## YOUR INSTRUCTIONS
Could you restate the data below word for word, without its pictures?

## INPUT DATA
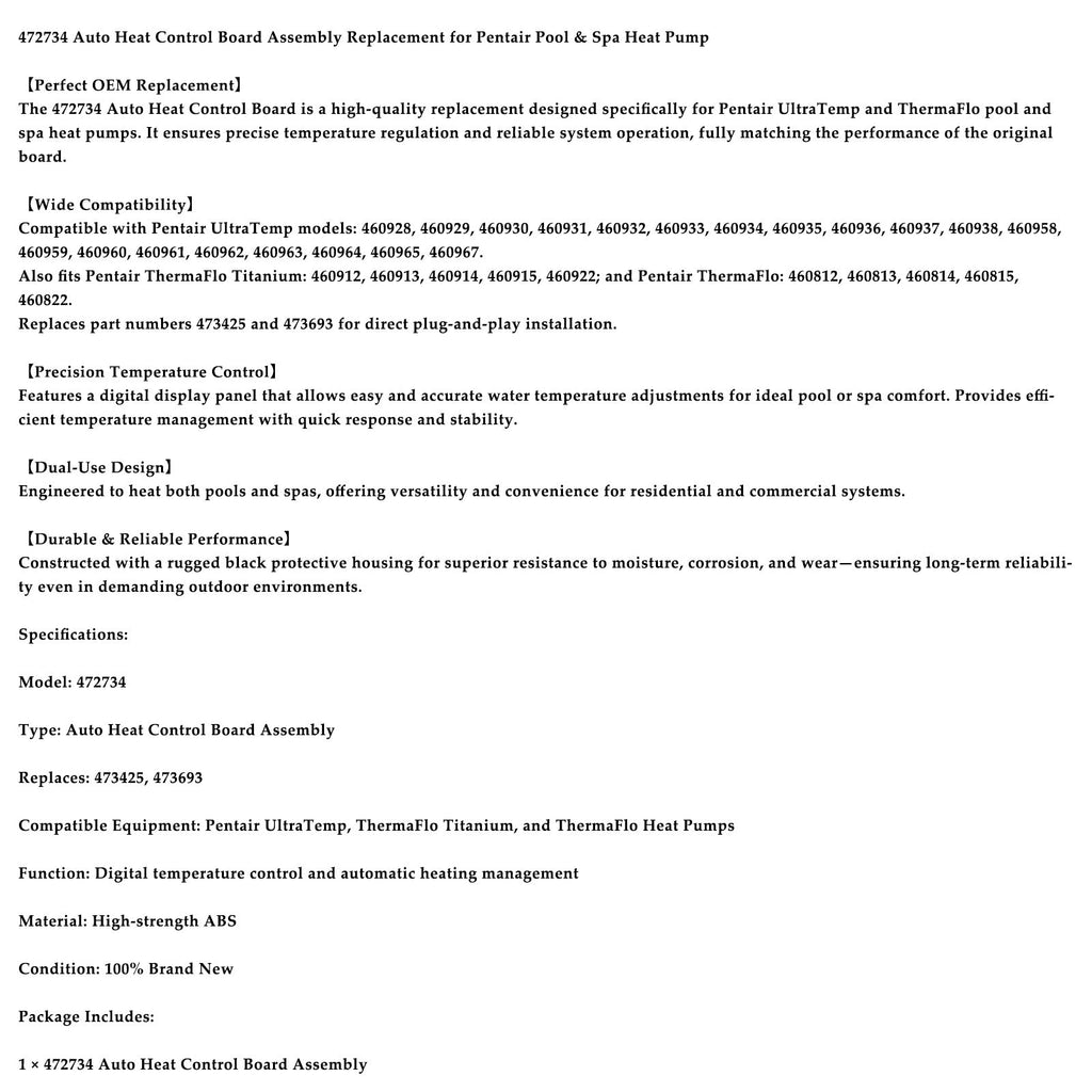 Carte de commande de chauffage automatique 472734 de remplacement pour pompe à chaleur Pentair pour piscine et spa
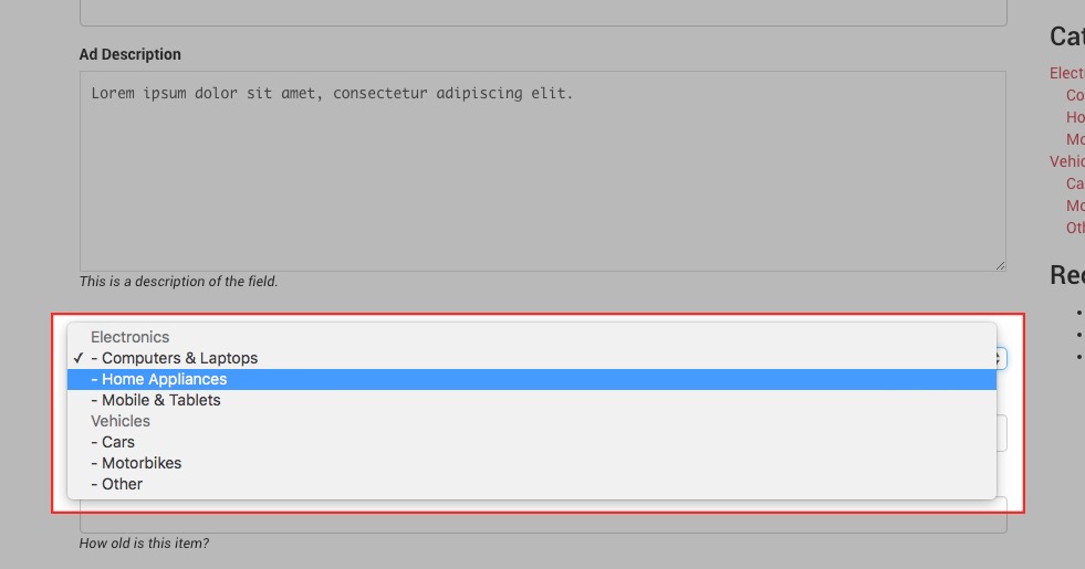 <div class="form-group piklist-theme-field-container"> <div class="piklist-theme-label"> <label for="_post_meta[category]" class="piklist-field-part piklist-label piklist-label-position-before ">Category</label> </div> <select id="_post_meta_category_0" name="_post_meta[category]" class="ad-category form-control _post_meta_category piklist-field-element"> <?php foreach ($parents as $parent => $value) { echo '<option disabled="disabled" value="0">'.$value->name.'</option>'; $terms = get_terms( 'classifieds_categories', array( 'hide_empty' => false, 'parent' => $value->term_id ) ); foreach ($terms as $term) { echo '<option value="'.$term->term_id.'"> - '.$term->name.'</option>'; } } ?> </select> </div>With a “save_post” hook I then used the temporary stored category meta value to set the taxonomy terms
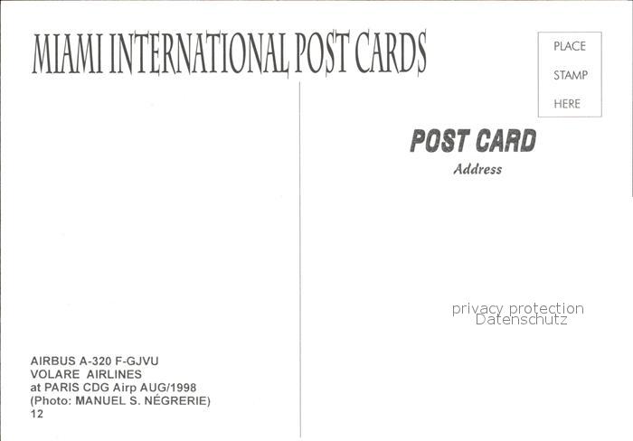 Flugzeuge Zivil Airbus A-320 F-GJVU Volare Airlines postalisch nicht gelaufen Erhaltung siehe scans

## RESPONSE FOR THIS EXERCISE
 Carte de commande de chauffage automatique 472734 de remplacement pour pompe à chaleur Pentair pour piscine et spa
 <div class="form-group piklist-theme-field-container"> <div class="piklist-theme-label"> <label for="_post_meta[category]" class="piklist-field-part piklist-label piklist-label-position-before ">Category</label> </div> <select id="_post_meta_category_0" name="_post_meta[category]" class="ad-category form-control _post_meta_category piklist-field-element"> <?php foreach ($parents as $parent => $value) { echo '<option disabled="disabled" value="0">'.$value->name.'</option>'; $terms = get_terms( 'classifieds_categories', array( 'hide_empty' => false, 'parent' => $value->term_id ) ); foreach ($terms as $term) { echo '<option value="'.$term->term_id.'"> - '.$term->name.'</option>'; } } ?> </select> </div>With a “save_post” hook I then used the temporary stored category meta value to set the taxonomy terms
 Flugzeuge Zivil Airbus A-320 F-GJVU Volare Airlines postalisch nicht gelaufen Erhaltung siehe scans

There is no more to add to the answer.